Among the entries below, which lines run from the line with "当社は、OEMメーカーとして" through the line with "农特优品:乡土气息,特色味道"? Retype those, both ends included, exactly and without pictures.

Material provided:
┄┄┄┄┄┄┄┄┄┄

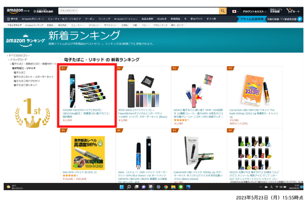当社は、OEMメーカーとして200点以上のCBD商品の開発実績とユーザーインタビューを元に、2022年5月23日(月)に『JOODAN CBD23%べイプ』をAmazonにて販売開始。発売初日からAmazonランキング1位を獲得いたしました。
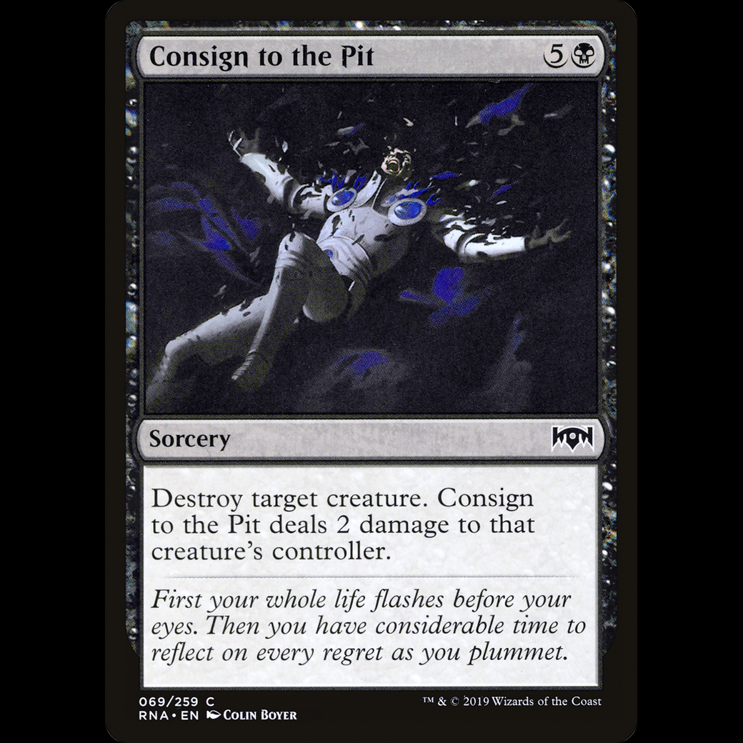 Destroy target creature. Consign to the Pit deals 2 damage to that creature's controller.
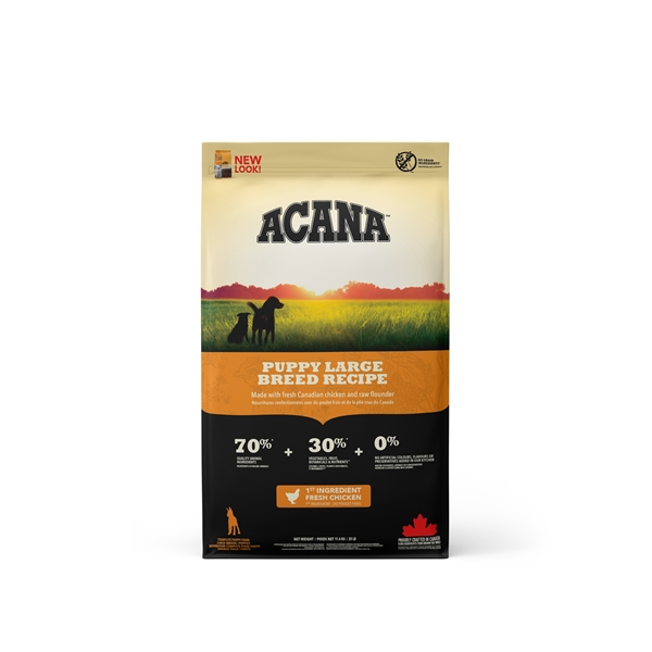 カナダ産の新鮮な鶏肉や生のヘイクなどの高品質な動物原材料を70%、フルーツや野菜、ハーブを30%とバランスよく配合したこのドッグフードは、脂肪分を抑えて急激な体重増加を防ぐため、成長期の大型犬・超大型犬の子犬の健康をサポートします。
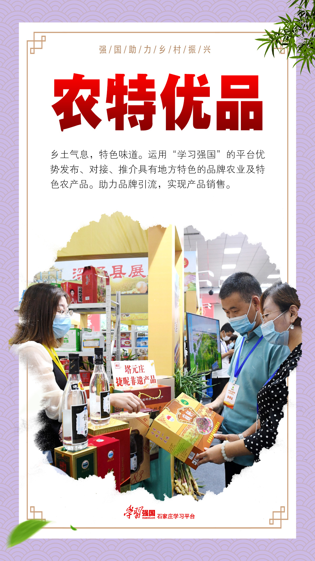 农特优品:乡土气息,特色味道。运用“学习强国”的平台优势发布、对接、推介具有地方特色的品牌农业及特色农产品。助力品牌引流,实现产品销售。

┄┄┄┄┄┄┄┄┄┄

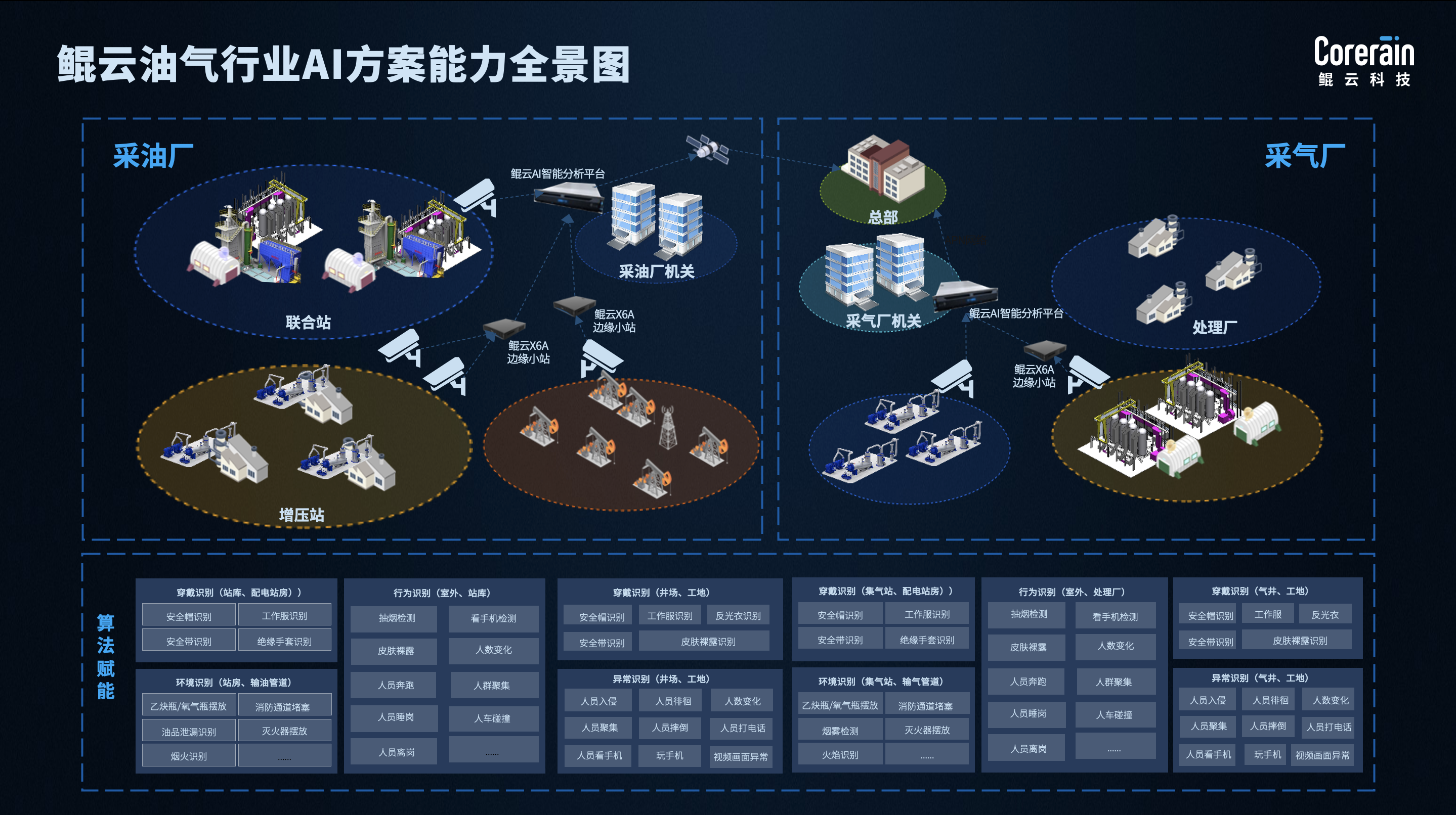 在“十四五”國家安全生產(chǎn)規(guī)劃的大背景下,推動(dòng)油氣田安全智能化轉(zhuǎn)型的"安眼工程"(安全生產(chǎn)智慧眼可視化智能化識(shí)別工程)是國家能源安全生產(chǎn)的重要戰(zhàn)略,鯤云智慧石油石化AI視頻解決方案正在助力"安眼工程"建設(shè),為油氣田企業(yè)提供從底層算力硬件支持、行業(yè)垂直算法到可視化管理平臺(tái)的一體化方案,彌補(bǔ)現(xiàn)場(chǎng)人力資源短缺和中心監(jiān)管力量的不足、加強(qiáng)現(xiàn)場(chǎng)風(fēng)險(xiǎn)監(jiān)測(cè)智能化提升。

┄┄┄┄┄┄┄┄┄┄

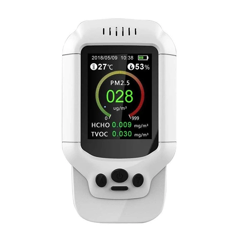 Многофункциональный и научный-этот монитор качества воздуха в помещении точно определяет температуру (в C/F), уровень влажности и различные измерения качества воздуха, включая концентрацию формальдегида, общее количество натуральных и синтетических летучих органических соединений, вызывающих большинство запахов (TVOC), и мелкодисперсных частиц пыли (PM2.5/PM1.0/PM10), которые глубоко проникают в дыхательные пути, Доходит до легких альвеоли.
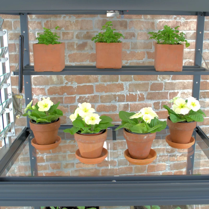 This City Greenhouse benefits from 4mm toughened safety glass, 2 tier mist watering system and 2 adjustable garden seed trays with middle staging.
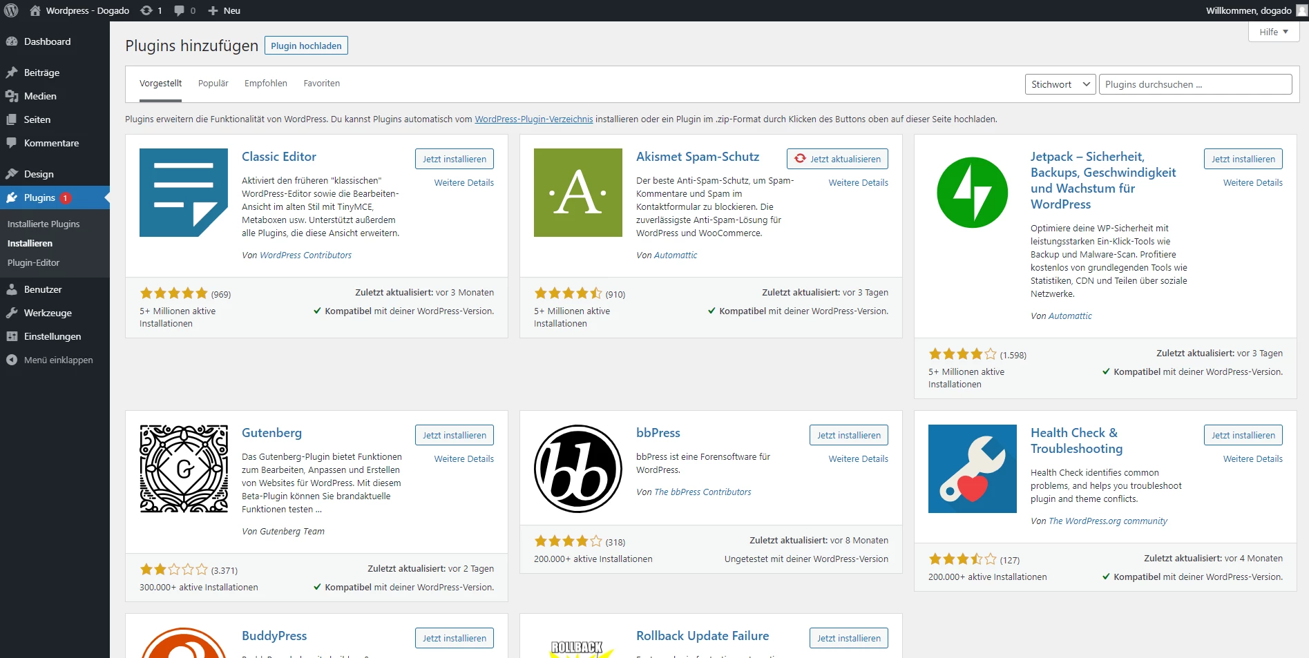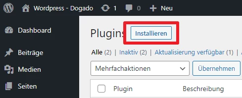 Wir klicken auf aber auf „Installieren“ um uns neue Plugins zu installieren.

┄┄┄┄┄┄┄┄┄┄

Output below:
当社は、OEMメーカーとして200点以上のCBD商品の開発実績とユーザーインタビューを元に、2022年5月23日(月)に『JOODAN CBD23%べイプ』をAmazonにて販売開始。発売初日からAmazonランキング1位を獲得いたしました。
 Destroy target creature. Consign to the Pit deals 2 damage to that creature's controller.
 カナダ産の新鮮な鶏肉や生のヘイクなどの高品質な動物原材料を70%、フルーツや野菜、ハーブを30%とバランスよく配合したこのドッグフードは、脂肪分を抑えて急激な体重増加を防ぐため、成長期の大型犬・超大型犬の子犬の健康をサポートします。
 农特优品:乡土气息,特色味道。运用“学习强国”的平台优势发布、对接、推介具有地方特色的品牌农业及特色农产品。助力品牌引流,实现产品销售。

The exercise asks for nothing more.